New law in Russia is Putin’s latest attack on LGBTQ rights: NPR

NPR’s Ailsa Chang talks with Oxford University professor Dan Healey about new laws in Russia that make it illegal to spread LGBTQ “propaganda.”



AILSA CHANG, HOST:

It’s been nearly a decade since Russian President Vladimir Putin’s first attack on LGBTQ rights in the country, and that crackdown is intensifying. Just this week, he signed a law making it illegal to spread so-called propaganda about non-traditional sex. It’s an expansion of a similar ban Russia instituted in 2013. To understand some of the roots of Russia’s anti-LGBTQ laws, Dan Healey is with me now. He is a professor of Russian history at Oxford University. Welcome.

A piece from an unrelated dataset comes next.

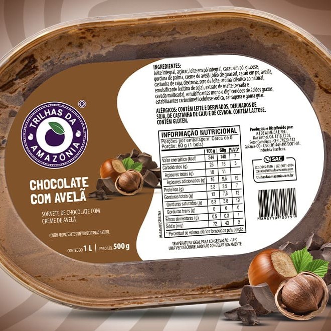 Cremoso, com pedacinhos de chocolate que derretem na boca. Um clássico que nunca sai de moda e continua conquistando todas as gerações. Alérgicos: Contém leite e derivados, e derivados de soja. (Obs: O valor de 5,00 reais, somente em uma Loja Física Trilhas da Amazônia)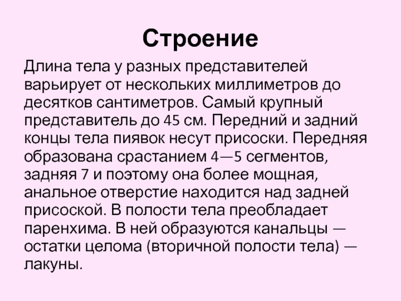 сантиметров. Самый крупный представитель до 45 см. Передний и задний концы тела пиявок несут присоски. Передняя образована срастанием 4—5 сегментов, задняя 7 и поэтому она более мощная, анальное отверстие находится над задней присоской. В полости тела преобладает паренхима. В ней образуются канальцы — остатки целома (вторичной полости тела) — лакуны.

DAN HEALEY: Thank you very much.

CHANG: I want to start with the 2013 law that I just mentioned. He prohibited, I quote, “the propaganda of homosexuality and pedophilia among minors.” Can you talk about how this new law that we mentioned expands on the 2013 law?

HEALEY: It covers the same range of things, propaganda for non-traditional sexual relationships, but between adults and minors. And it also broadens the kinds of places that this propaganda is imagined to be taking place, like television and advertising, streaming services, the internet, and sets out a whole host of different penalties for these different places.

CHANG: What kind of penalties might people face if they are found to have violated this law?

HEALEY: Well, it’s around $800 for an individual, into the tens of thousands for an organization.

CHANG: Any potential prison time?

HEALEY: Prison time is here. However, it is mostly reserved for foreigners who might be sent out of the country.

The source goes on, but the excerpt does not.